A Amazônia e a Califórnia não arderam em chamas em 2019 por acaso: tanto Brasil como os Estados Unidos são governados por pessoas que não levam a sério o risco que corremos. O mesmo acontece com a Austrália, que está em chamas desde setembro. Mais de 20 pessoas e meio bilhão de animais já morreram – metade da população de coalas, espécie que já corria risco de extinção, foi dizimada – e mais de 1.200 casas e cerca de 63 mil km² de terras, o equivalente à área da Áustria, já foram destruídos pelas chamas. O país produz um terço do carvão consumido no mundo e em entrevista à tevê australiana, a despeito da tragédia, o primeiro-ministro australiano Scott Morrison disse que não se comprometeria com objetivos de redução de emissões que considera irresponsáveis. Por causa disso, a Austrália pode ser reduzida a cinzas.

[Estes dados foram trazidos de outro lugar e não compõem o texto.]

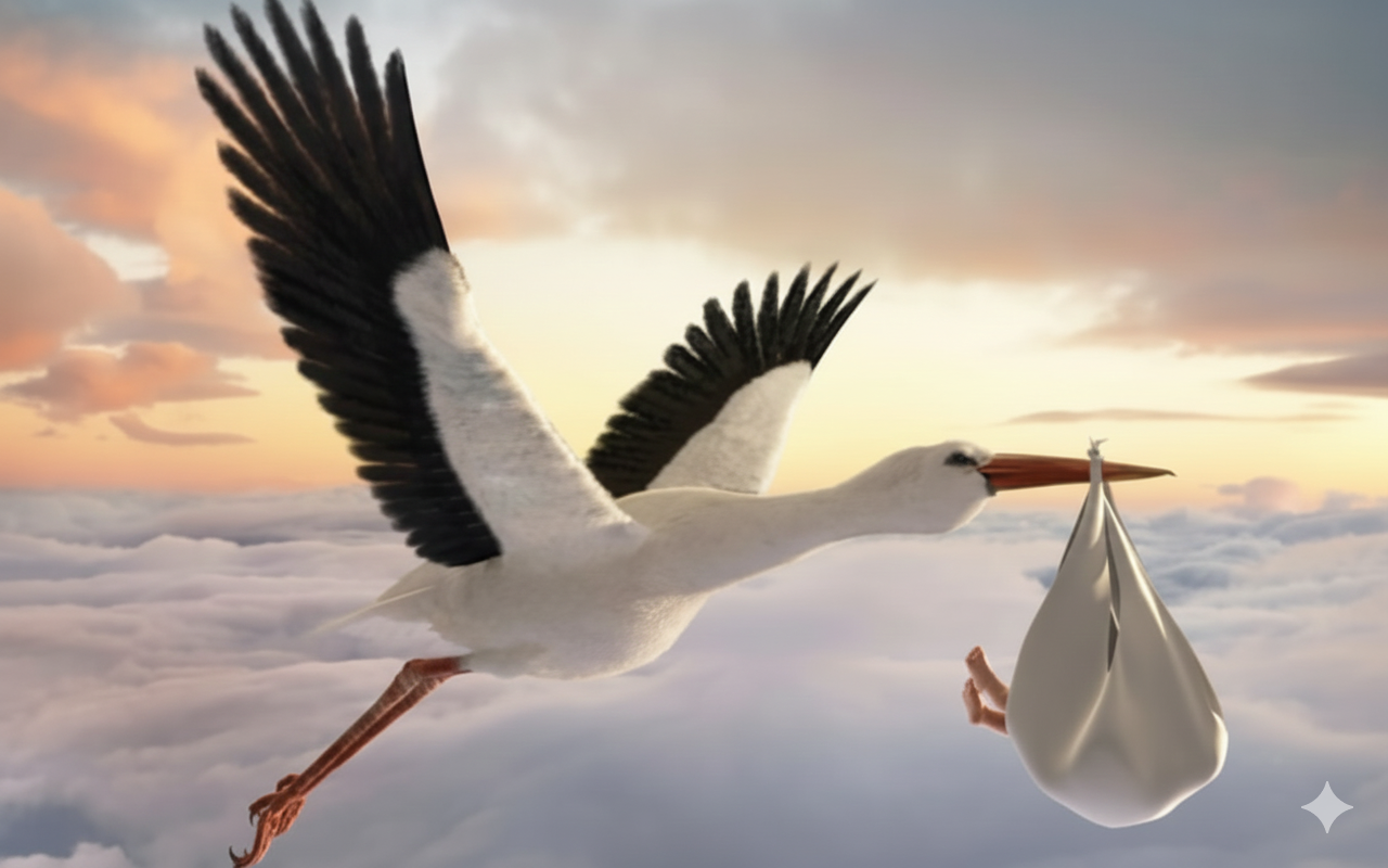 «Прошу прощения за опоздание, в небе пробки. Буду через 9 месяцев. Аист.»
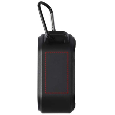 Лого трейд бизнес-подарки фото: Solo — колонка с карабином мощностью 3 Вт из переработанной пластмассы IPX5, сертифицированной по стандарту RCS, с солнечной
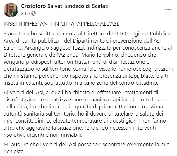 Questo quanto apprendiamo dalla pagina fb del Sindaco di Scafati: "INSETTI INFESTANTI IN CITTÀ, APPELLO ALL’ASL Stamattina ho scritto una nota al Direttore dell’U.O.C. Igiene Pubblica – Area di sanità pubblica - del Dipartimento di prevenzione dell’Asl Salerno, Arcangelo Saggese Tozzi, indirizzata per conoscenza anche al Direttore generale dell’Azienda, Mario Iervolino, chiedendo che - si legge nella nota - vengano predisposti ulteriori trattamenti di disinfestazione e derattizzazione sul territorio comunale, viste le numerose segnalazioni che mi stanno pervenendo rispetto alla presenza di topi, blatte e altri insetti infestanti, soprattutto in alcune zone del centro cittadino. Ai vertici dell’Asl, ai quali ho chiesto di effettuare i trattamenti di disinfestazione e derattizzazione in maniera capillare, in tutte le aree della città, ho ribadito che, in qualità di primo cittadino e massima autorità sanitaria sul territorio - si legge nella nota -, ho il dovere di tutelare la salute dei miei concittadini. Le elevate temperature di questi giorni non fanno altro che aggravare la situazione, rendendo necessari interventi risolutivi, urgenti e non rinviabili. Mi auguro che i vertici dell’Asl possano riscontrare celermente la mia richiesta."
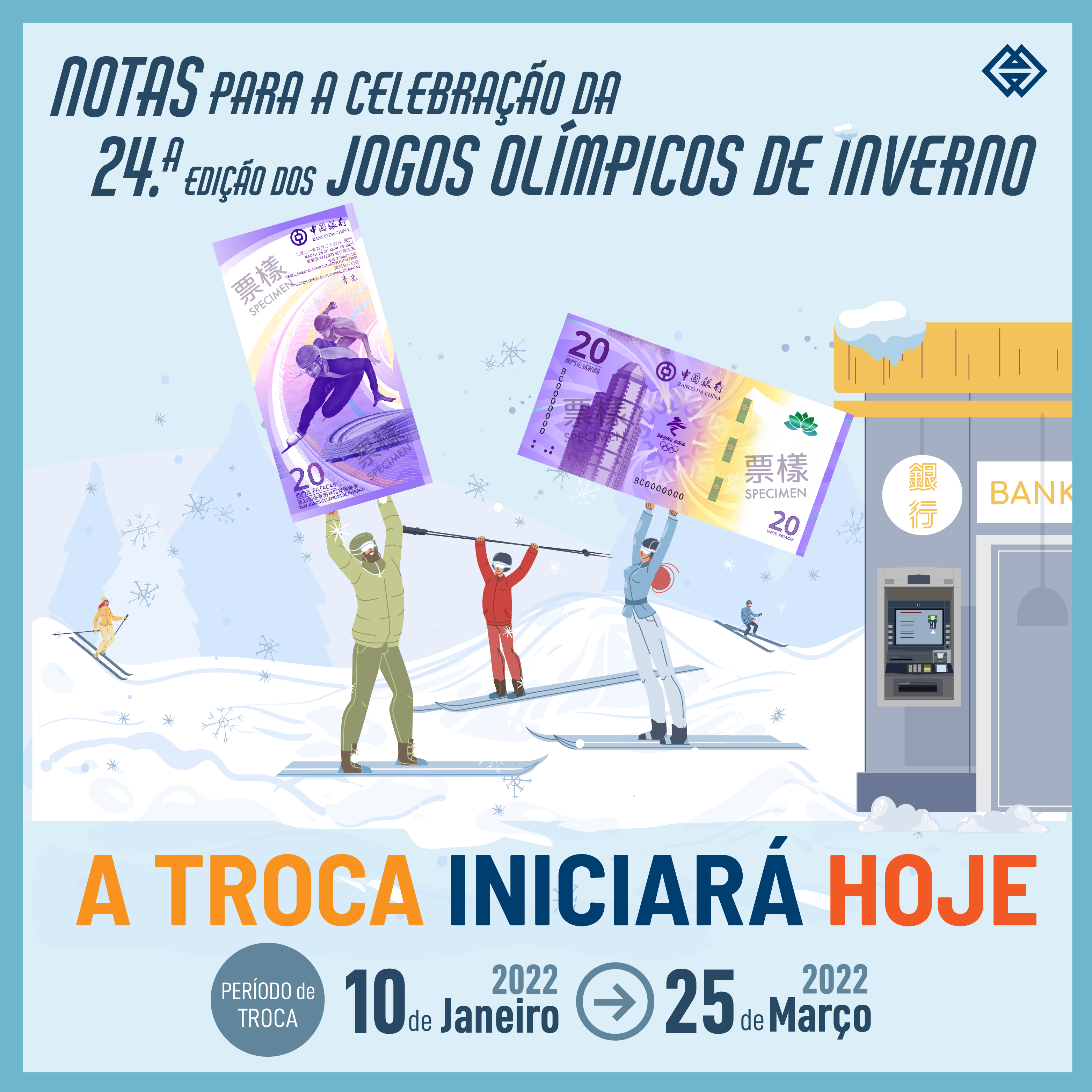 As notas para a celebração da 24ª Edição dos Jogos Olímpicos de Inverno estarão disponíveis para troca a partir de hoje (dia 10) até 25 de Março de 2022. Os residentes de Macau que efectuaram o registo para efeitos de troca devem fazer-se acompanhar do respectivo bilhete de identidade de residente e comparecer, na data previamente agendada, na agência indicada para a troca das 2 (duas) notas para a celebração da 24ª Edição dos Jogos Olímpicos de Inverno emitidas pelo Banco da China, cujo valor envolvido é de 40 patacas; podendo também designar o seu representante para o levantamento das notas, para o efeito, querendo consultar a página electrónica da AMCM para obter informações sobre os documentos exigidos.
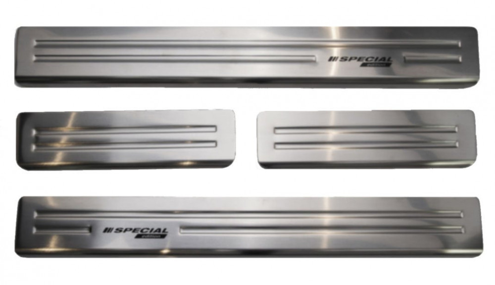 Rozsdamentes acél öntapadós küszöbvédő. A készlet 4 darabot tartalmaz.
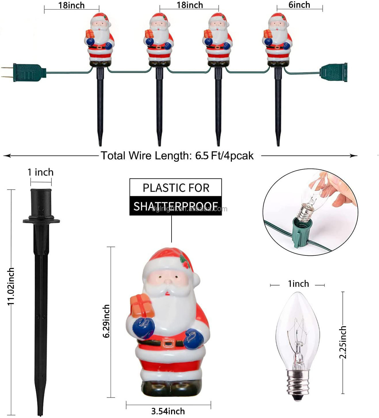Outdoor 4LT Santa Pathway Stakes Lights
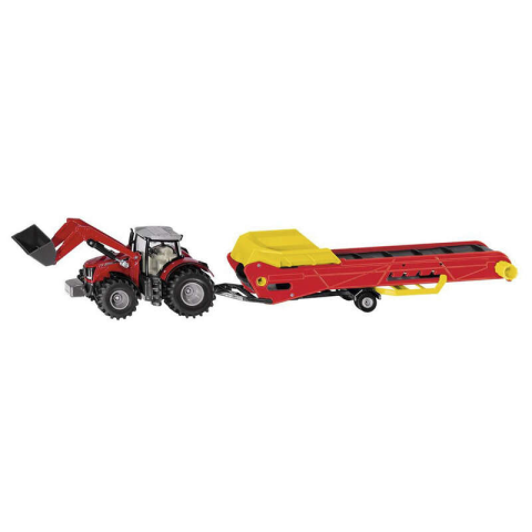 Szállítsd a terményt és segíts a mezőgazdasági munkában ezzel a részletgazdag SIKU Massey Ferguson traktorral és a hozzá tartozó futószalaggal. A modell 1:50 méretarányban készült, és valósághűen mutatja be, hogyan zajlik a termények mozgatása és szortírozása a gazdaságban.

O que é irresponsabilidade?

Por isso, nós, brasileiros, temos um compromisso importantíssimo em outubro: as eleições municipais. Uma resolução tão importante quanto economizar água e energia ou praticar o consumo consciente, é pensar muito na hora de ir às urnas: pesquisar sobre a trajetória dos candidatos e informar-se sobre os programas de governo de seus partidos antes de escolher quem merece o seu voto de confiança. De andorinha em andorinha se faz um verão, de gota em gota se faz um tsunami ou se enche um oceano, e a cada bom exemplo se constrói um futuro melhor.